So to answer the question – how long should you workout to build muscle? The answer is simple – as long as it takes for you to complete the number of sets, without compromising performance.

Intra-Workout Declining Performance

Many of us have experienced that feeling of hitting a wall during long workouts. 

Despite our best efforts to continue, we find our performance gradually decreasing until even the smallest task feels like an insurmountable struggle. 

Though it can be disheartening to experience such a drop in performance, understanding what’s happening makes it easier to make compensations and optimize your training split.

Now, as we just said, the first step to optimizing performance is through dialing in rest times between sets.

The second step, which is perhaps even more important? 

Optimizing training frequency.

Think of it this way – if you have 15 total challenging, working sets for your chest for the week, and do them in one single workout, odds are your performance will start to suffer somewhere around the 5-7th set, due to fatigue.

You may start with an X amount of weight for an X amount of repetitions, but eventually, you’d have to decrease the weight, reps, or both.

However, if you split this total training volume of 15 working sets into 2-3 workouts, that means doing 5-7 hard sets per workout.

With this approach, you’d still do 15 total sets, but odds are that you’ll have a higher total output, because you come in fresh as a cucumber on each time you have to do that work.

In other words, distributing a higher number of sets throughout more, separate workouts, allows you to lift heavier weights for more repetitions, thus creating a bigger volume of greater quality, providing a better stimulus for growth.

It’s kind of like the concept of rest times between sets, but on a greater scale – rest times between workouts.

Pretty cool, huh? 

Recovery Windows

Taking a break in between direct training sessions of a muscle group just makes sense – it’s like giving you and your muscles a chance to “catch their breath”. 

After all, getting fit is no sprint. It’s a marathon! 

You’ve trained hard; you’ve pushed your body to the limit.
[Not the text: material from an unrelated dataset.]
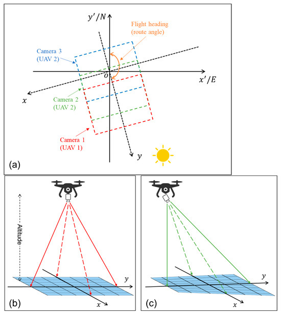 In this study, the angle between the flight direction of the UAV and the north direction is 165°, and the shooting direction of the camera is basically the same as the flight direction of the UAV (Figure 3a). Therefore, a custom heading coordinate system is established using the centre point of the first image captured by Camera 3 as the coordinate origin, the camera heading as the y-axis positive direction, and the vertical camera heading to the right as the x-axis positive direction. At the same time, the GPS receiver records the latitude and longitude of each image. Therefore, the coordinate positions of all images are obtained by converting the difference between the latitude and longitude of the image and the first image into the distance of the customized heading coordinate system using a rotation matrix. The Figure 4a–e illustrate the position of the image of the three cameras of Flight 1, Flight 2, Flight 3, Flight 4 and Flight 5, respectively.
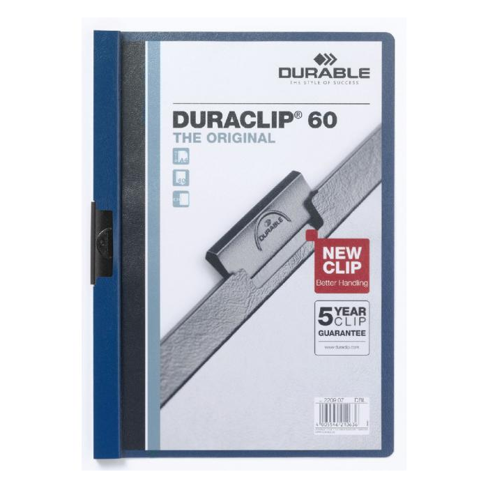 Obal vyvinutý spoločnosťou DURABLE pre viazanie nedierovaných listov. Materiál z PVC s unikátnym kovovým klipom, ktorý sa prispôsobí vloženému počtu listov a priehľadnou prednou stranou. Ideálny na prezentácie, ponuky, správy, poznámky na konferencie, semináre a pod. Formát A4. Kapacita 1-60 listov. Väčšie balenie 25 ks.

Why not step back, take some time off, and let your muscles relax and adapt in order to come back stronger? 

Hard work pays off! 

Make sure to give yourself sufficient rest times – 48-96 hours – before going at it again. 

For instance, if you do 5 sets for your chest on Monday, do 5 more on Wednesday, or Thursday.

On a larger scale, say over a year, that extra volume will stack up and trust us when we tell you – you will reap massive gains.

Tips For Building A Split

Creating the perfect training split can be intimidating for any fitness enthusiast. 

Fortunately, there are a couple of reliable rules to follow when building it. 

And yes… These rules are based on what we just said, so let us lay it out for you!

Determine Volume

Sports science suggests that optimal training volume per muscle group, per week, varies between 5 and 20 sets.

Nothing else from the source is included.